I'd really like this.  I'm running swish from mod_perl and the fork/exec to
swish really takes away the benefits of mod_perl.  I guess what would be
best is a threaded swish server as that might use less resources than
embedding swish in each web server process, and probably easier to setup
and use. But maybe making a perl xs interface to the search routines would
be a good first step.


>2. Add Files to the index file

I'm not sure I'm doing the right thing, but currently I have two indexes.
One is reindexed once a week, and the other as files are added during the
week.  Then I specify both indexes when searching.  This works ok, as there
aren't that many new files added each week.

What would help me is to be able to specify in the swish.conf file to only
index files newer than some date or newer than some (index) file.  That
way, I could have an incremental.conf file that says something like

   INDEXNEWERTHAN weekly.index

And then swish would only index files newer than the file weekly.index.

>3. Delete Files from the index file

Could this be as simple as maintaining a list of files to delete, and
search.c could throw away any results for any files in that list?
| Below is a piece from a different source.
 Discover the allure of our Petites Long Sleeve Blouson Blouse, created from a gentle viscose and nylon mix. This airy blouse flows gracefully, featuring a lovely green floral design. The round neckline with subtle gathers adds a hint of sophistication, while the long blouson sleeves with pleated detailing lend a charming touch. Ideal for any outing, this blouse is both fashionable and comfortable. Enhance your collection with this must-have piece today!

>10. Option to retrive documents with words highlighted
>in some way.

Should that be a function of swish?  Swish would have to read the source
files to be able to do any highlighting, of course, and this becomes tricky
when swish only knows the stems of the indexed words.
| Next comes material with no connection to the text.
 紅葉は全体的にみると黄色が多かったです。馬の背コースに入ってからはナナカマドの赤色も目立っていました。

I'd like to see a synonym/thesaurus feature built into swish.  Currently I
use a text file that lists synonyms, but it's not very efficient since I
have to read the file and build a lookup hash (and perhaps stem all the
words) for each search.  For example, currently searching for doctor will
find documents with "doctor", but it will also display a note: "Doctors -
see Physicians".  

It would be faster to have the list of synonyms indexed by swish and
optionally have swish search the related search terms automatically.


Swish and ht://dig are often offered as similar search engines.  ht://dig
seems to be more popular, but I'm not sure why.  Maybe it's ht://dig's
standard search script that people like?  Are there other features of
ht://dig that make it attractive that might be good to add to swish?



Bill Moseley
mailto:moseley@hank.org
Received on Thu Jul 27 12:26:51 2000